To show the usefulness of the contained information we experimented with 13 machine learning algorithms and achieved quiet good results. For class level, the best algorithms resulted in higher than 0.7 F-measure values. For file level we achieved similar values, however a little lower ones. Almost full bug coverage can be reached by using these models by tagging only 30 % of the source code elements as buggy. We defined two research questions, which are the following:

figure a

The remainder of the paper is organized as follows. Section 2 enumerates the most important research papers dealing with public and private bug databases, and bug prediction techniques. In Sect. 3, we propose our approach and show how the database is constructed, and what kind of data entries are stored in the dataset. Section 5 presents the power of the constructed database by evaluating different results of the applied machine learning algorithms. Finally, we summarize and conclude the paper.

2 Related Work

Publishing databases as public resources for the scientific community is not a new idea [13, 24]. Many papers have dealt with bug databases and used some kind of bug prediction approaches as demonstrations [9]. Notwithstanding the numerous studies dealing with bug prediction, the number of publicly available bug databases are incredibly low and neglected. Researchers often use a database created for their own purposes but these datasets are not published for the community.
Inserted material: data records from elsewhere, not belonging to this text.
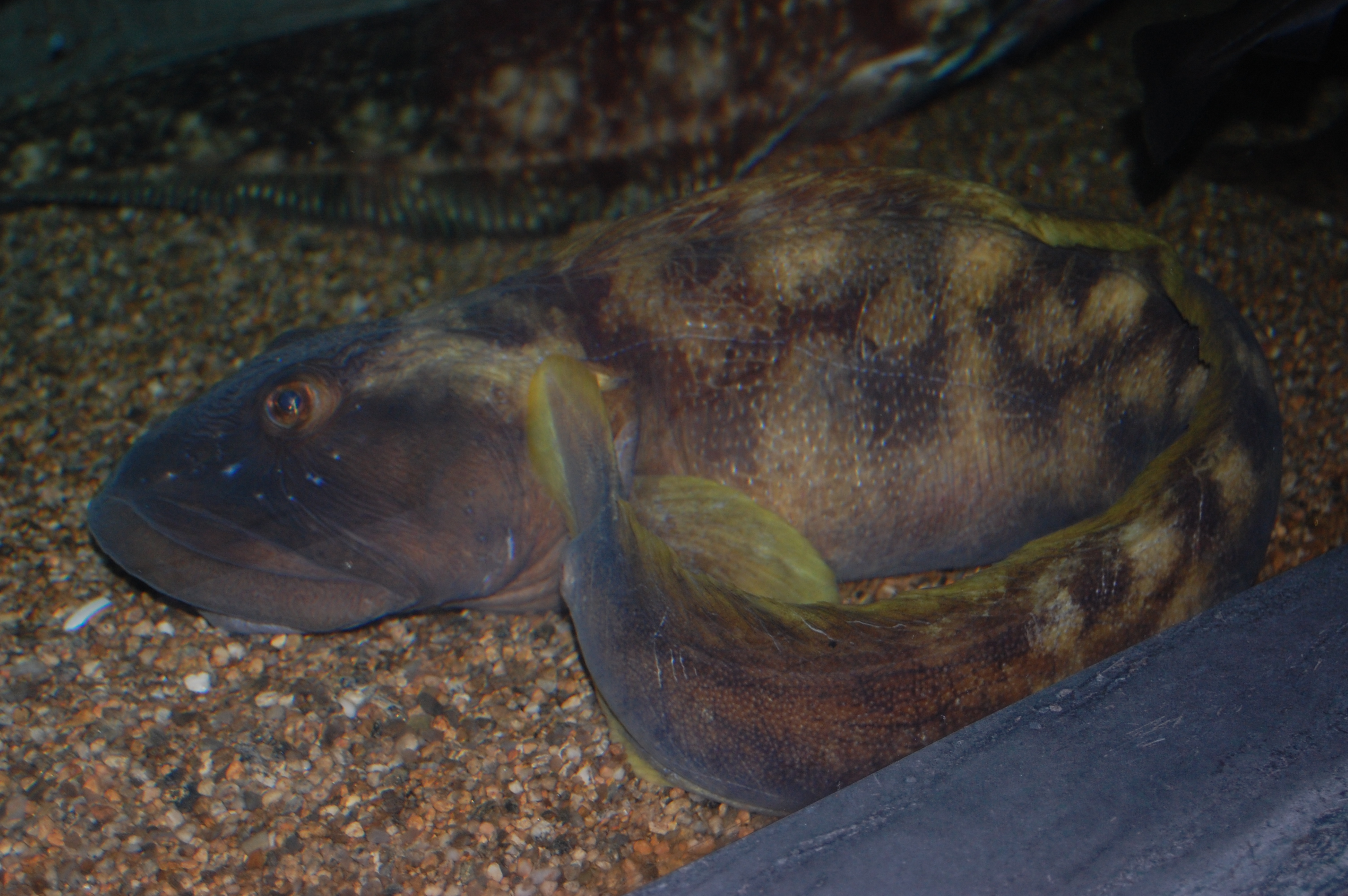 Ocean pout (Zoarces americanus) at the New England Aquarium, Boston MA.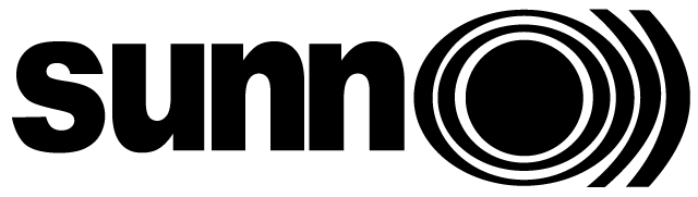 Logotype of the Drone Metal Band Sunn O))) and the amp manufacturer Sunn, which was later bought by Fender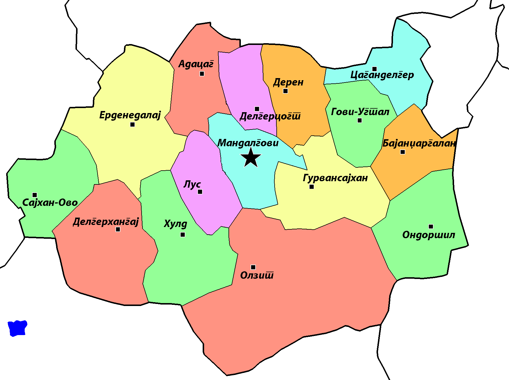 Translated map of Dundgovi Sum into Macedonian language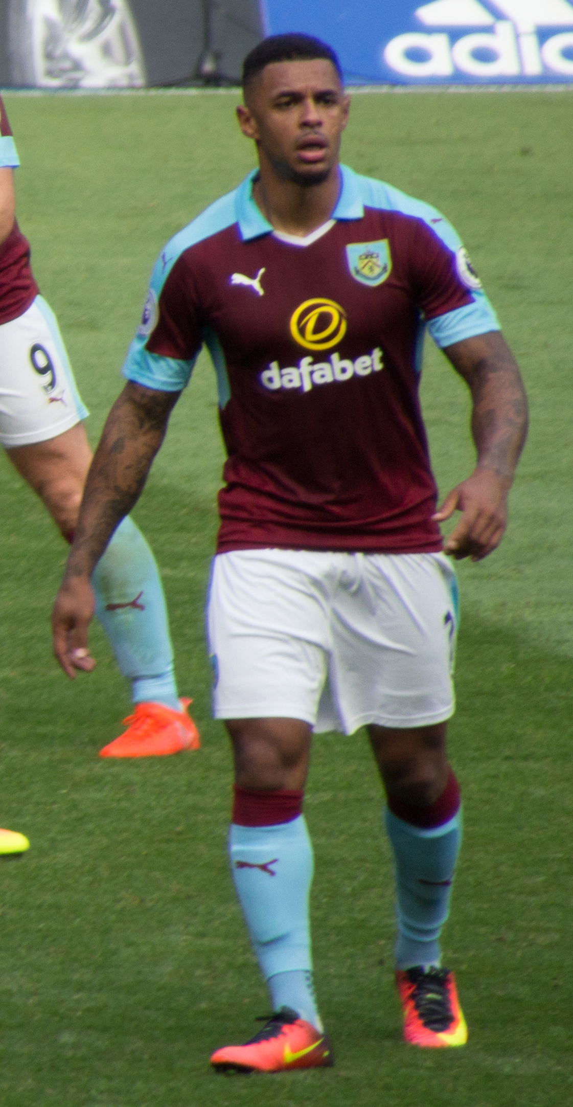 Chelsea 3 Burnley 0 27.8.16

Many research studies deal with bug prediction and they use a database created for specific purposes. We tried to create a database that is publicly available and general enough to test different bug prediction methods [3, 15, 17, 20]. We gathered a wide range of software product metrics to characterize the known bugs, amongst others the classic object-oriented metrics [4, 23].

In our research work, we only found four publicly available bug databases. These four datasets mainly operate with classic C&K [4] metrics and contain accumulated information about bugs at a pre-release or post-release time. Granularity is usually file level or class level that means the database contains bug characteristics for files or classes, consequently bug prediction is limited to this granularity. None of these databases consist data obtained from GitHub, they mostly gathered them from Bugzilla and Jira. We conducted an experiment using GitHub as the source of information (both for version control and for bug tracking).

Out of these databases Terapromise is the most up to date and has also a coding rule violation [18] database. Based on the capability of the tool we used for static source code analysis, we gathered C&K metrics, rule violations, and software code clone related metrics such as number of clone instances located in the given source code elements.

The Bug prediction dataset [6] contains data extracted from 5 Java projects by using inFusion and Moose to calculate the classic C&K metrics for class level. The source of information was mainly CVS, SVN, Bugzilla and Jira from which the number of pre- and post-release defects were calculated.

The Zimmermann Eclipse [24] database is still publicly available, however the last extension/modification was applied on March 25, 2010. Zimmermann et al. gathered complexity metrics and metrics describing the structure of the built AST for file level to detect pre- and post-release defects. The dataset is created by using the public information stored in Bugzilla.

Bugcatchers [10] operates with bad smells (solely), and found that coding rule violations have a small but significant effect on the occurrence of faults at file level. Bugcatchers used Bugzilla and Jira as the sources of information.

Many other papers used bug databases to extract some additional data, but these databases have never been published. Such databases amongst others are the following: IBugs [5], Mozilla [9], and Eclipse [2].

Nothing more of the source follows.